* **Records provided**

----

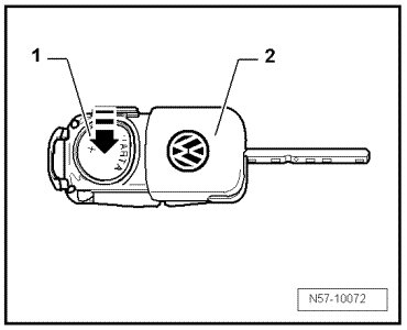 - Slide the battery - 1 - in the direction of - arrow a - and remove it upward - arrow b - from the key - 2 -.
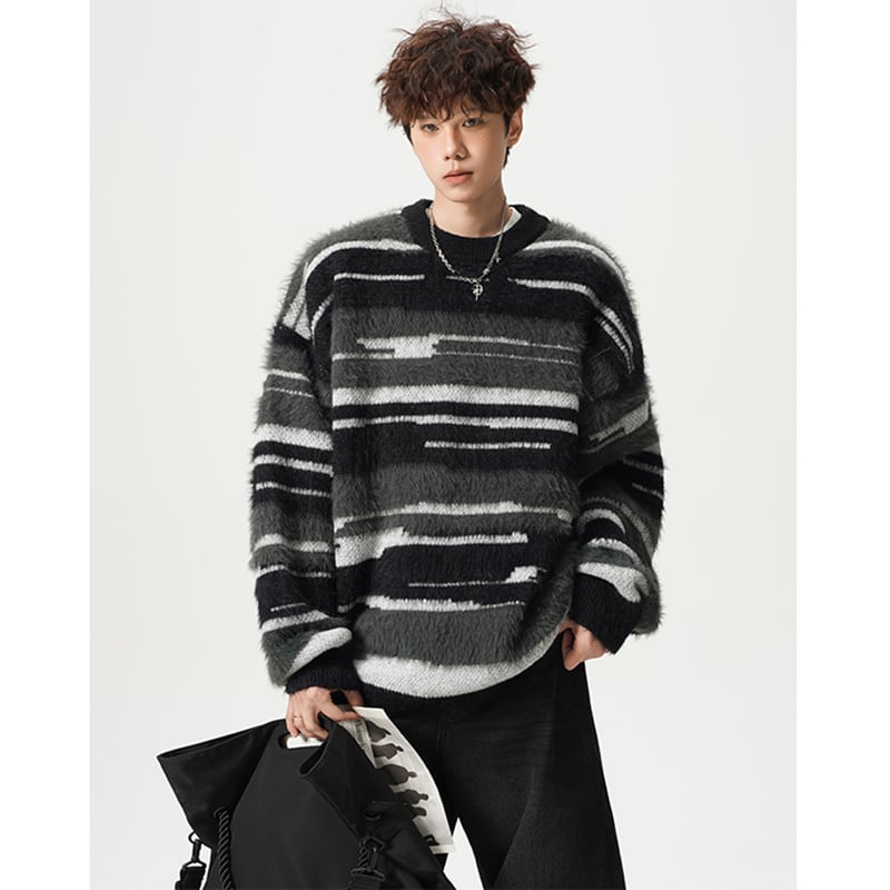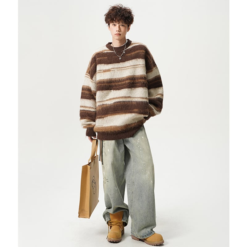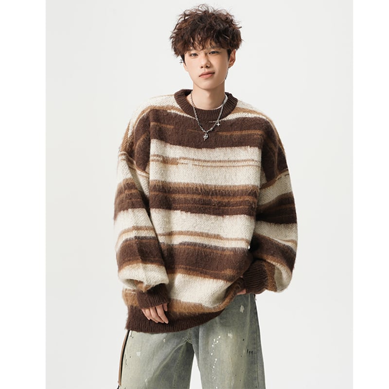 【Qotriockシリーズ】★セーター★ 2color ニットトップス 男女兼用 メンズ 横縞 縞模様 ブラック ブラウン
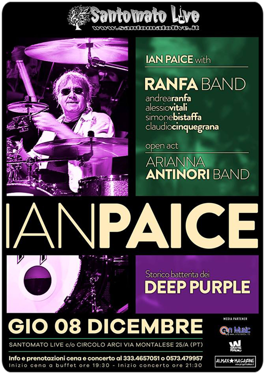 Giovedì 8 dicembre 2016 Ian Paice, lo storico batterista dei Deep Purple, porterà sul palco del Santomato Live di Pistoia i brani più noti della pluridecorata band britannica, accompagnato dalla Ranfa Band.
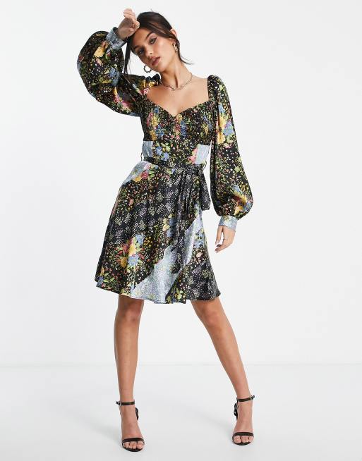 ASOS DESIGN mini tea dress with belt in mixed floral prints
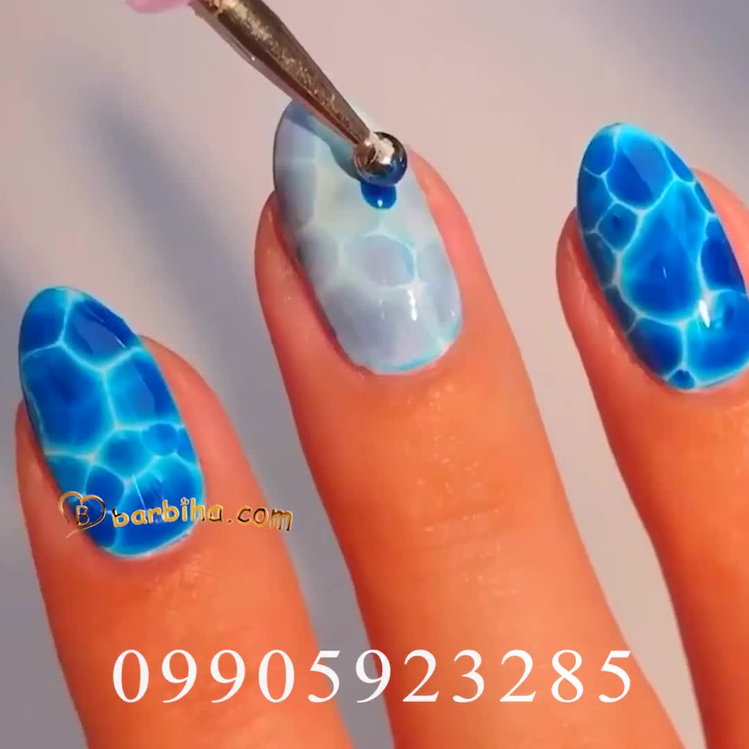 طرح ناخن آبی و سفید جذاب | ایده طرج ناخخن
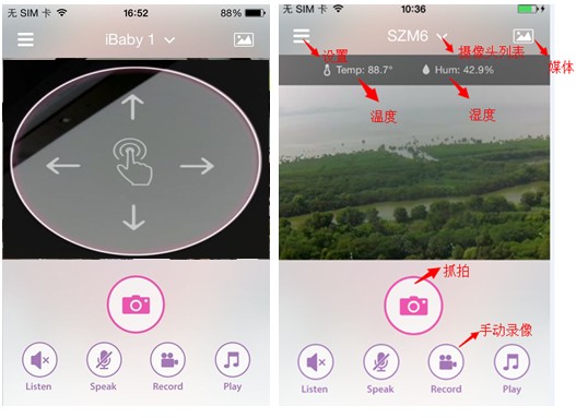100万像素、4.2mm镜头、F2.0固定光圈,支持WiFi这些都是普通监控指标,增加亮点:自动获取IOS设备当前连接的Wi-Fi帐号和密码,双向语音对讲,可在界面PTZ控制,内置摇篮曲,可显示温湿度等信息。
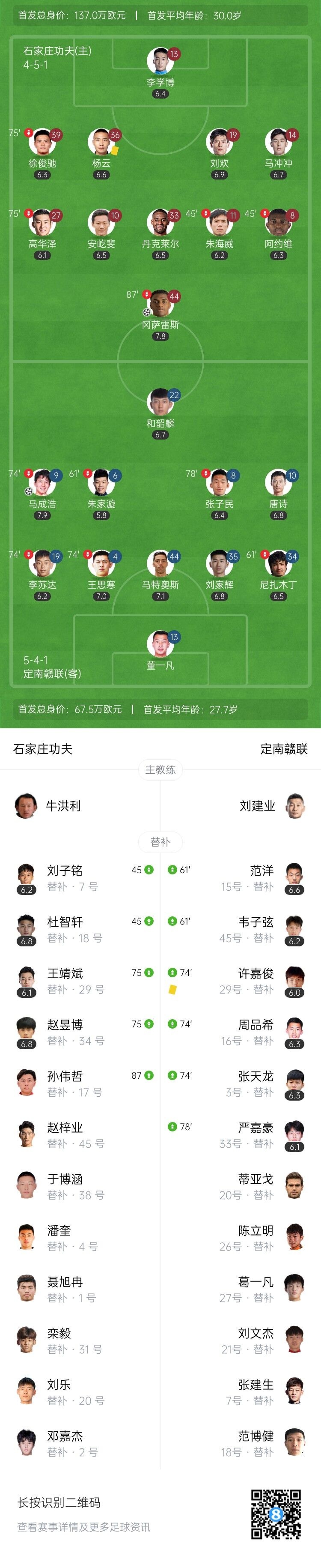 中甲-石家庄功夫1-1定南赣联 哈德松-冈萨雷斯破门马成浩扳平
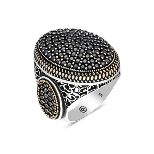 Silver Black Zircon Stone Oval Men's Ring This men's ring model, made of zircon black stone stones on silver, is a stylish accessory that you can use at any time of the day. You can gift this ring to yourself or your loved ones on your birthday, Father's Day or special occasions. The black stone men's ring model is made of 925 sterling silver. Oxide coating is applied on silver. Oxide coated silver men's rings preserve their shine for a long time. As with all men's rings, the silver zircon black stone men's ring model is also handmade. Due to silver and precious stones, there may be ± 10% deviation in the average product weight.Width: 2.30 cmLength: 3.20 cmAvg. Weight: 25 gr.
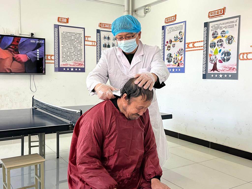 春节前,银川市救助管理站的工作人员帮刘银汉理发。(受访者供图)
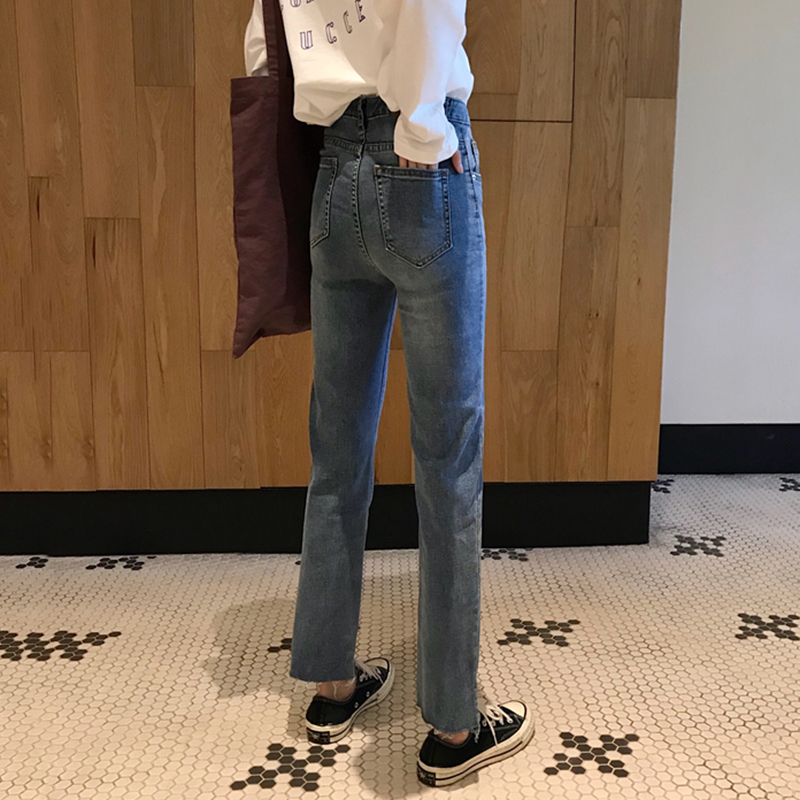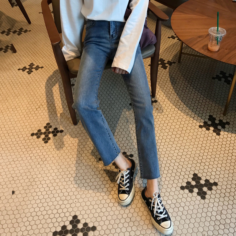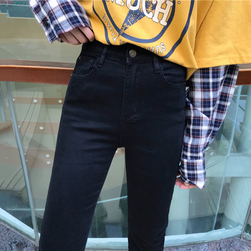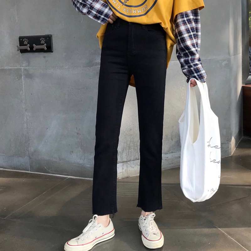 / 復古高腰彈力牛仔褲秋裝女2018新款時尚修身直筒褲學生九分黑褲子
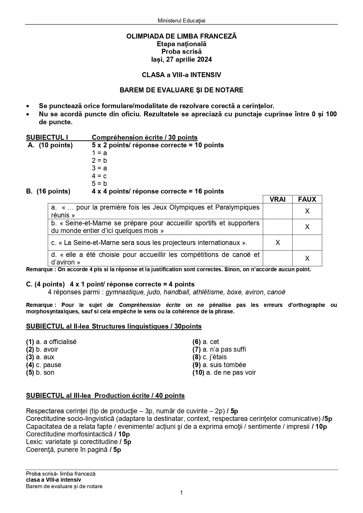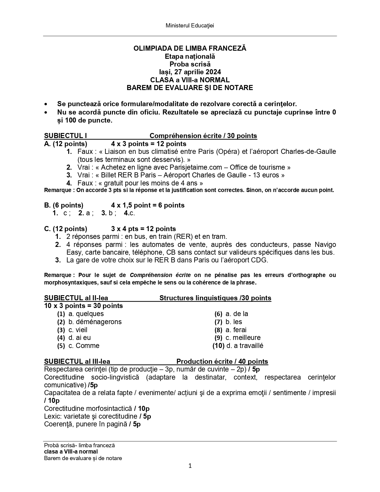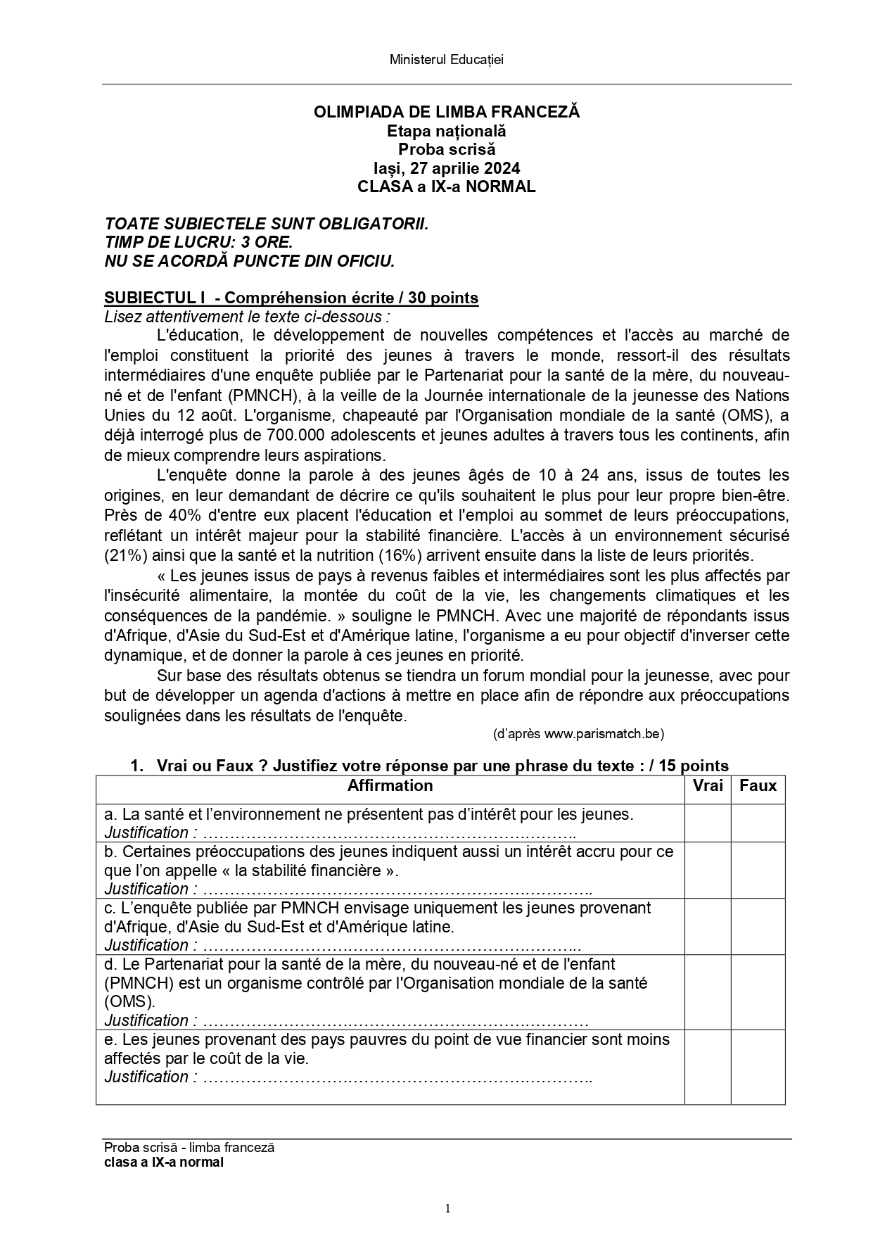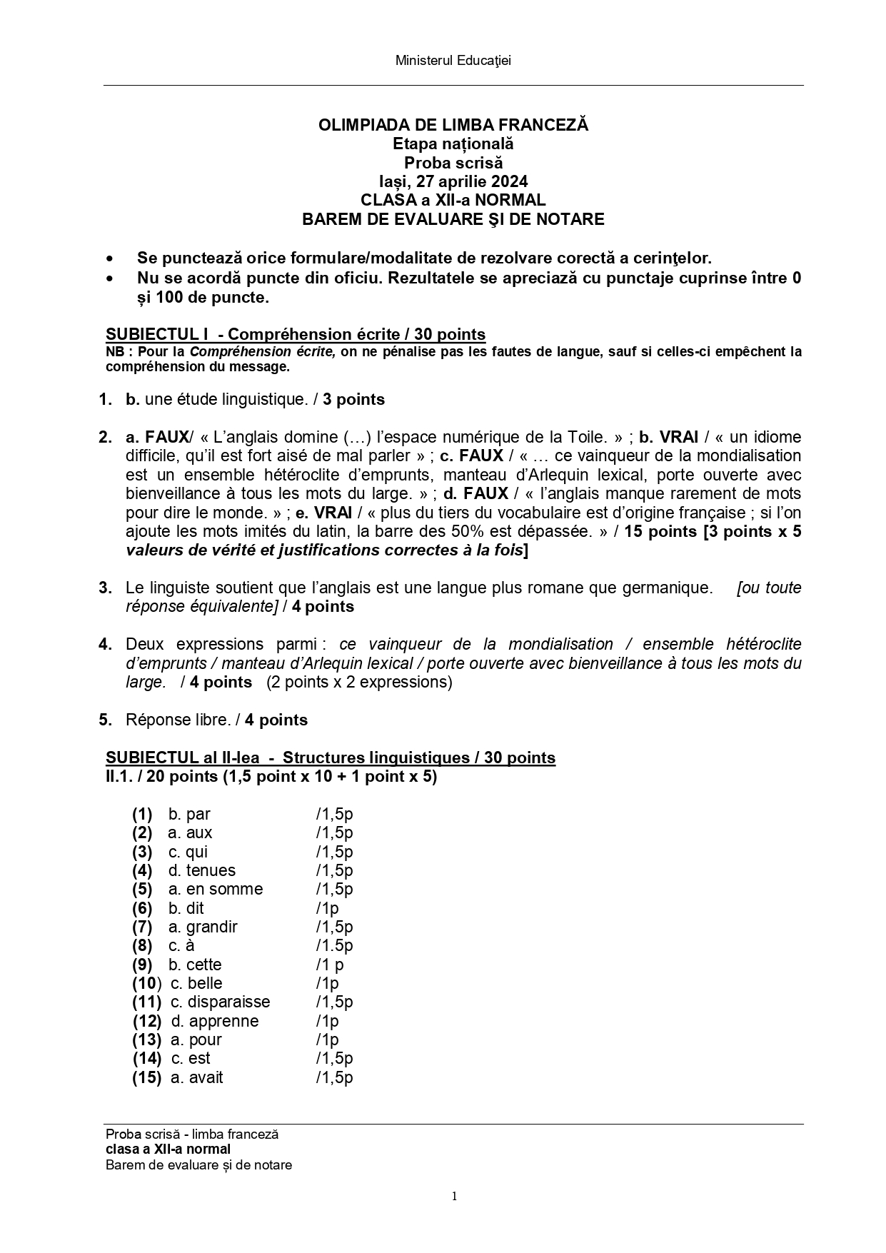 Subiectele și baremele de la Olimpiada Națională de Limba franceză (ONLF) 2024 de la Iași au fost publicate de organizatori sâmbătă seară, 27 aprilie, după probe. Documentele, pentru fiecare din cele două regimuri de studiu ale limbii – normal (N) sau intensiv/bilingv (B) pot fi descărcate mai jos din articol.

----

* **What you should do**
Within the data above, repeat exactly the lines from the one bearing "ASOS DESIGN mini" through the one bearing "中甲-石家庄功夫1-1定南赣联 哈德松-冈萨雷斯破门马成浩扳平". Include no pictures and nothing else.

* **Your response**
 ASOS DESIGN mini tea dress with belt in mixed floral prints
 طرح ناخن آبی و سفید جذاب | ایده طرج ناخخن
100万像素、4.2mm镜头、F2.0固定光圈,支持WiFi这些都是普通监控指标,增加亮点:自动获取IOS设备当前连接的Wi-Fi帐号和密码,双向语音对讲,可在界面PTZ控制,内置摇篮曲,可显示温湿度等信息。
 中甲-石家庄功夫1-1定南赣联 哈德松-冈萨雷斯破门马成浩扳平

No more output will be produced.